Robert Wolf 12-08-2003 02:33 PM

I'm with Barry...if you can get some video to myself or Coach we may be able to help. DB's tend to start turning into a trap-bar-deadlift which is much more of a squatting/quad emphasis movement. I'd analyze your form, start with a weight which does not cause problems and slowly progress from there. You may have to avoid max-efforts for a time but the increased technique and back strenght will make up for it in the long run.

Roy 12-08-2003 03:36 PM

I appreciate it robb. But I dont have a video camera or anything like that. Theres another variable, though which I should have mentioned: When I did the deadlifts, it was the first time I've ever done the in my life. It was my own workout I did last week, which wasnt crossfit style. It was more of a leg strength day. I did 4 sets of squats prior to my 4 sets of deadlifts. I did a one hour trampoline session later that day. I understood that I was real sore since I did multiple sets of a new exercise in which I gave a lot of effort on every set. The reason I was concerned, and still am, is because I did these last wednesday, and my lower back is STILL sore. I've just never been sore this long after any one workout. I suppose I'll look up some articles around the net. Any more thoughts on this situation? Thanks again!
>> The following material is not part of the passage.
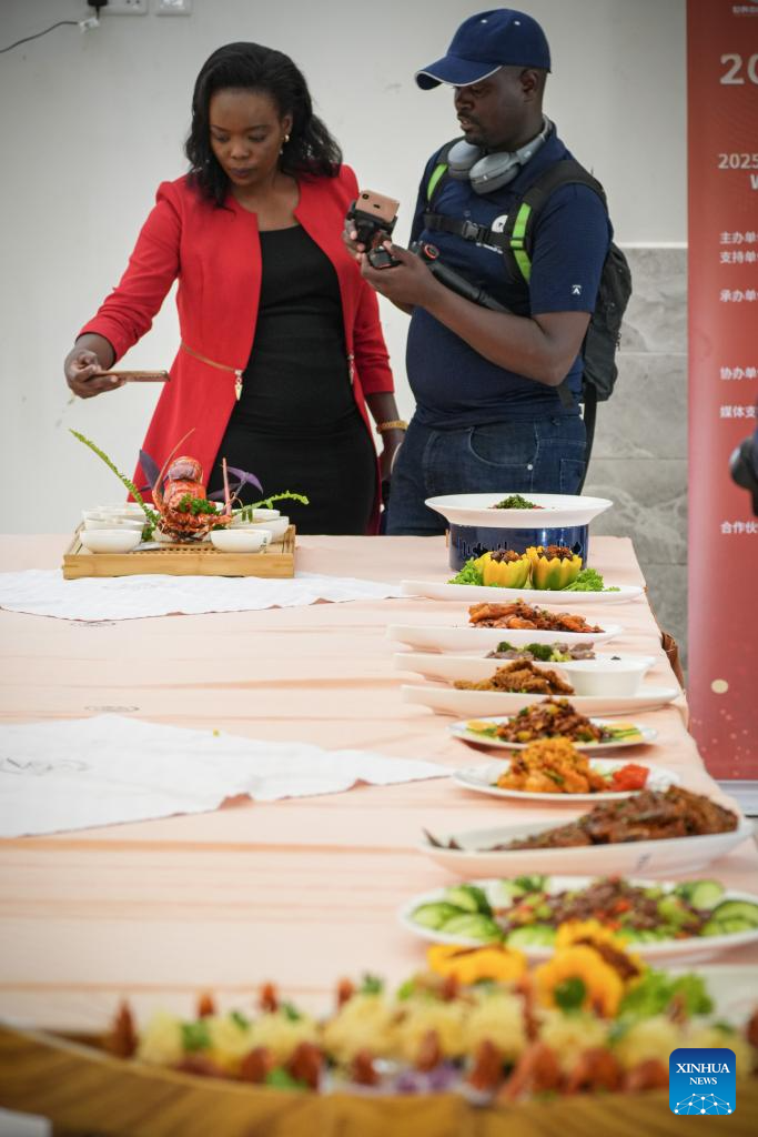 Visitors take photos of Chinese dishes prepared by contestants during the 2025 Africa Championship of Chinese Cuisine held in Nairobi, Kenya, Oct. 30, 2025. The 2025 Africa Championship of Chinese Cuisine, the first of its kind on the continent, was held Thursday in the Kenyan capital Nairobi, highlighting the deepening cultural exchanges between China and Kenya. (Xinhua/Li Yahui)

Paul "The Viking" 12-08-2003 06:14 PM


Deadlifts can leave you sore for days even when done with proper form and even when you do them on a regular basis. The lower back is one of the slowest muscle groups to recover and the deadlift is one of the most taxing exercises on the lower back. So, since you're new to deadlifting, I'm not surprised that you'd be sore for a long time.

That being said, I'll just bring up one other point: by working squats before your deadlifts, there is a form trap that's easy to fall into. Namely, you begin the deadlift by extending your legs without really lifting the bar enough which leaves you bent too far forward. Then, the rest of the deadlift becomes an almost stiff legged deadlift - often with a rounded back. I find that, after doing squats, I have to pay extra attention my form on deadlifts to avoid this problem. I wouldn't say to avoid this combination - just to pay extra attention to form!
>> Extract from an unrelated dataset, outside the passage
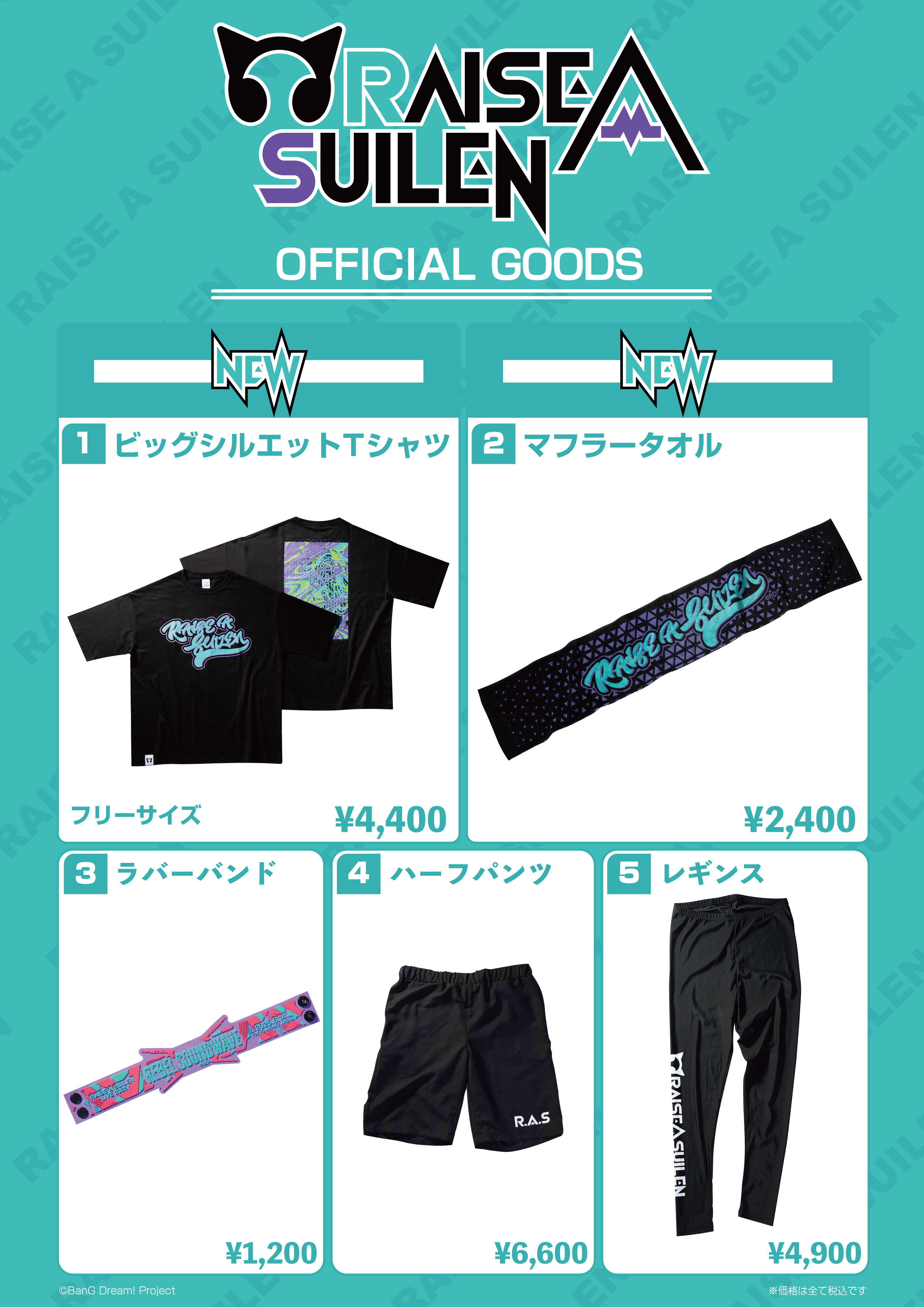 会場内の「アーティストグッズ売り場」にてRAISE A SUILEN関連商品の販売が決定いたしました。また会場先行で新商品の販売もいたします。

Welcome to the joys (pain!) of deadlifting!


Coach 12-09-2003 06:32 AM


I'm in with Barry and Robb...

You're doing something wrong and it's important to figure it out at workable loads (light, real light). Be safe.
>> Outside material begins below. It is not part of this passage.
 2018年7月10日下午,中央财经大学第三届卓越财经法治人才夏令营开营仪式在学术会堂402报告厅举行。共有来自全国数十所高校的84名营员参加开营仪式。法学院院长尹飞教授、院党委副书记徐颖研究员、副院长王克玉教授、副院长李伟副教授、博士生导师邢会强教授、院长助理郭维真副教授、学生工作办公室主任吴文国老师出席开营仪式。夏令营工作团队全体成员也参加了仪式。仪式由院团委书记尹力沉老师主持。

You can do this self-taught, but you'll need to be resourceful. On that subject, search around for a way to get videotape of your dead to us.


Gregory Spilson 12-09-2003 06:35 AM

I also had the same problem when I first attempted to perform deadlifts. I thought they left you prone to injury and didn't see the benefits. If you read the method that Pavel goes over in the PTP book, it should alleviate your problem and help you gain tremendously from deadlifts. The first couple of times I had to talk myself through the form as I was performing them and now it has become part of muscle memory. Hope this helps, it did with me.

Roy 12-10-2003 09:51 AM

Sounds good Gregory. Is there a website that has Pavel going over it? And Robb/Coach, I have a buddy with a digital camera and he might be able to take many repetitive pictures throughout my concentric phase of the deadlift. would that work? Thanks again everyone!



Robert Wolf 12-10-2003 06:29 PM

Yes! that should work fine. Most digital cameras have the ability to take small movies as well.

Gregory Spilson 12-11-2003 11:41 AM

In response to Roy. I'm not sure whether or not Pavel posts the form for deads on his site. But here's how I go about it in a nutshell

1. Stand over bar, shins fairly close
2. Make sure to keep whole body tight, especially arch in back
3. Keep head up and don't look at bar.
4. Use inverted hand grip to hold onto heavier weight
5. Begin decent by keeping back tight, and sit back with butt, rather than down
6. When your hands reach the bar, squeeze bar and tighten triceps to keep arms straight
7. Lift bar by pushing floor away (using your legs)
8. When you lock out, keep back tight, flex butt and flex abs to insure you don't lean back
9. On decent, keep head up and push butt back while letting bar descend

I think this should sum it up. I used the self-talk method for a while, and it proved very effective. Much like in the way I learned to shoot a pistol. Hope this helps.